“Look, we all know that there’s an easy way to prove who’s telling the truth here,” I said. “We should both agree to write down two names at the same time. Then you can decide for yourself what her real intentions are here, gentlemen. To help, or to hinder. If these names are not under some suspicion in the British secret service, then I’ll be the one facing a midnight boat trip, not her. I’ve already put up my hands to everything of which I’ve been accused. So, I’ve nothing at all to lose, have I? Can this beautiful lady honestly say the same?”
The monk handed me a pencil and a sheet of paper. “Very well,” he said. “I’m going to do what she’s been urging me to do for several minutes. To call your bluff. Write it down, Gunther. Write down the names.

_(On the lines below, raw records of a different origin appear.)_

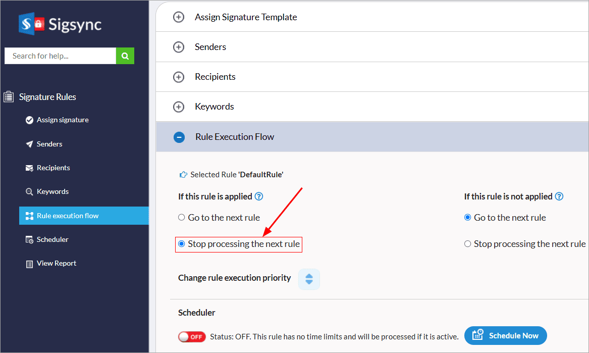 - Set Rule Execution Flow: If the selected rule is applied, then Stop processing the next rule.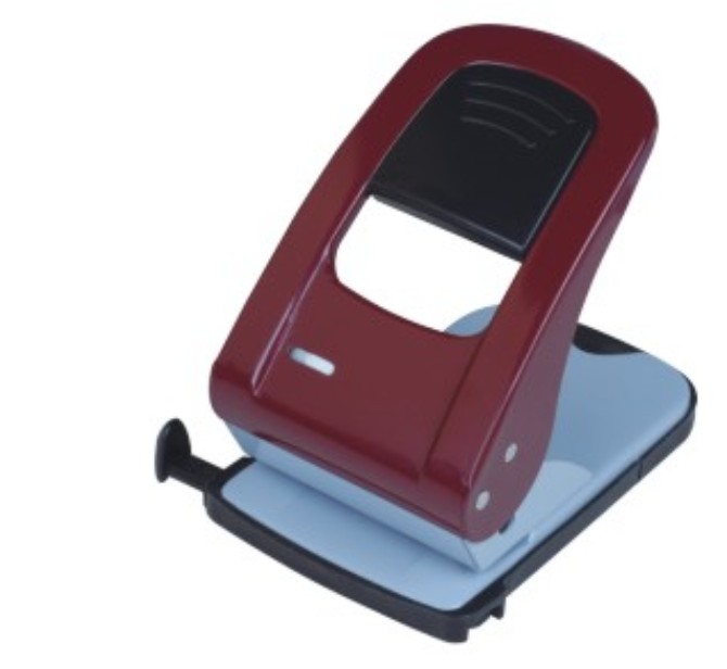 Standard office punches that produce 2 holes 80mm apart in paper for binding in box files, ring binders, etc. Punching capacities 30 sheets of 80gsm paper Available plastic with metal construction Colour: red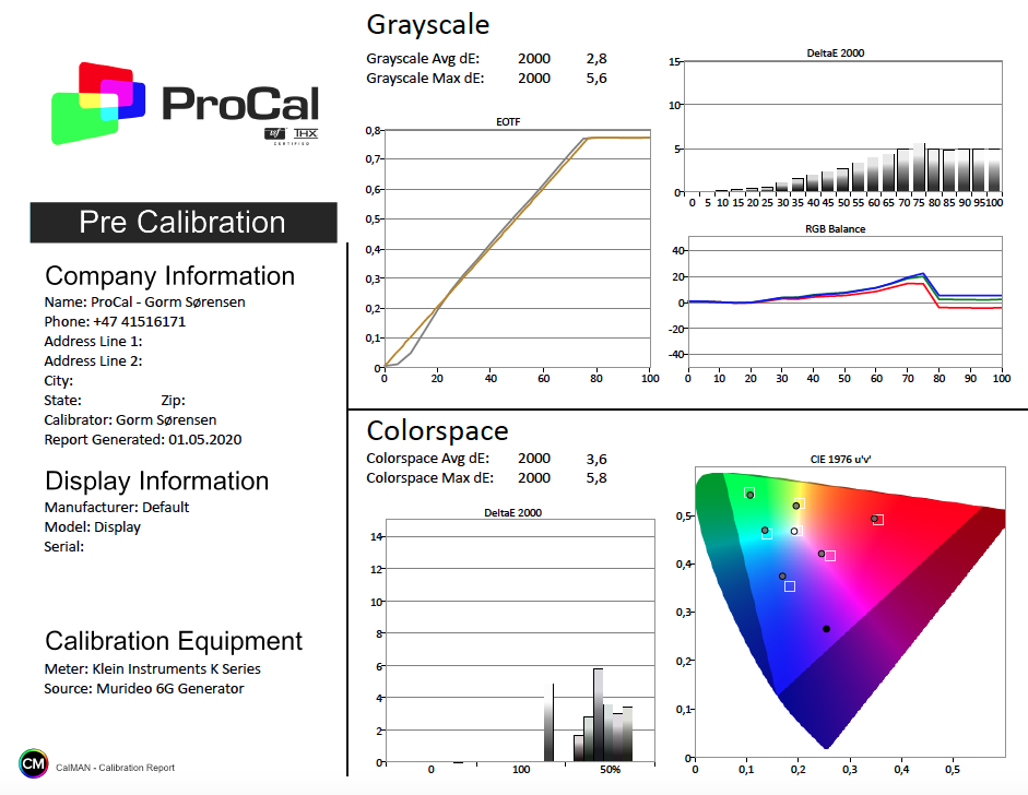 Kalibroinnin suoritti Gorm Sørensen (ProCal). Gorm on ISF- ja THX-sertifioitu kalibrointiasiantuntija, jolla on monen vuoden kokemus TV/AV-, elokuva- ja lähetyspuolelta.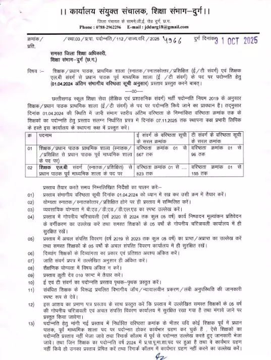 CG Teacher Promotion: दुर्ग। छत्तीसगढ़ के दुर्ग संभाग के शिक्षकों के लिए अच्छी खबर है। संयुक्त संचालक शिक्षा संभाग दुर्ग ने सभी जिला शिक्षा अधिकारियों को पदोन्नति हेतु प्रस्ताव प्रस्तुत करने को कहा है।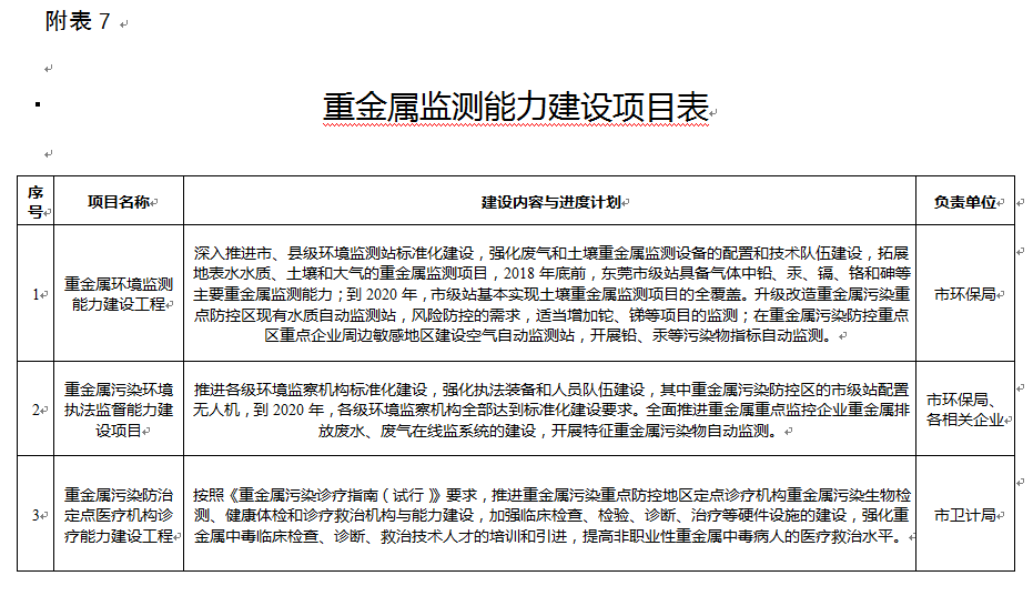 7. 重金屬監(jiān)測(cè)能力建設(shè)項(xiàng)目表

But woe betide you if you’re wrong, my German friend.”
“With pleasure.”
I tore the sheet of paper in half, wrote the name JOHN CAIRNCROSS, and handed it to the monk.
“This first man has already confessed to being a Soviet spy,” I said. “However, his name is not yet known outside of MI6. So I couldn’t possibly have known about him unless someone in the HVA had told me. Agreed?”
The monk read the name and passed it to one of his colleagues.
I prepared to write the second name, uncertain now of how to spell it. English has such peculiar, idiosyncratic spellings. The Christian name was short and obvious. But the surname was something else, like a type of felt hat beloved of English gentlemen. If I made a muck of it I was a dead man, without question. For a second or two I considered beginning the name with an “F” but changed my mind and, praying that Maugham had not mentioned to the spymasters my having listened to the conversation of Sinclair and Reilly while I was up on the roof, I wrote it with a “Ph,” like Philip. When I finished, I handed the paper back to the monk. On it was written the name KIM PHILBY.
“I suspect,” I said, “that restoring the reputation of this second man was, perhaps, what this operation was always all about.”
The monk looked at the name without betraying a flicker of recognition and then showed it to his two colleagues, whose reactions were equally gnomic.
“Now then, Miss French, I wonder if you’d mind doing the same as Herr Gunther,” said the monk, handing her the pencil and another piece of paper. “Take your time. But write down the names of anyone who was spying for the KGB in MI6, if you can.”
Anne stared at me for a moment with tight-lipped malevolence. Her early cool demeanor was gone; she’d even started biting her thumbnail.
“I already told you,” she said evenly. “Are you deaf? I don’t know the name of any Soviet agents in MI6.” She tossed the pencil away and crushed the paper into a ball, which she now threw at me. “I can’t tell you what I don’t know, can I? He’s lying. Neither of us knows the name of any Soviet agents in MI6.”
“Anne French ought to be the one person you people can trust because she’s already betrayed the HVA’s Hollis operation to you,” I said. “And, of course, it’s perfectly understandable that you should trust her. Christ, I know I would. Anyone would. At great personal risk she’s told you everything about Othello and in considerable detail. That’s undeniable. Did you hear me deny it for very long? No. I’ve confirmed it and so has Harold Hennig. Well, more or less. But if I have supplied the names of two men who’ve been Soviet agents in MI6 and she says she can’t, then where does that leave your opinion of her? And of me? Clearly she’s demonstrated her loyalty to her own country and to you, and yet she says she knows nothing at all about any Soviet agents in MI6. It’s puzzling.” I looked at her and smiled kindly. “You might as well tell them, Anne. I really don’t think that either one of those names is going to be such a surprise to them.”
“Fuck you,” she hissed.
“You already did, sweetheart. In bed. Several times. And then in here. But do let me know if I’ve forgotten somewhere else.”
THIRTY-TWO
The thugs from Portsmouth took me back to the red room, only this time they didn’t chain my hand to the radiator, or leave the light on, or even hit me, for which I was grateful. So I wandered round the room for a while, for the exercise, stood at the window, opened it, and then pushed at the louvered shutters. I was glad of the fresh air, but the shutters themselves didn’t shift a centimeter, not even with all my weight against the center gap. It was dark outside and I had no idea what time it was. I could hear and smell the sea and I longed to be outside. I felt sick and terribly tired. My jaw still ached and I was longing for a bath.
“Be careful what you wish for, Gunther,” I said to myself. “They might take you for a bath in the sea. The kind of bath for which you won’t need any soap. Just a pair of concrete overshoes.”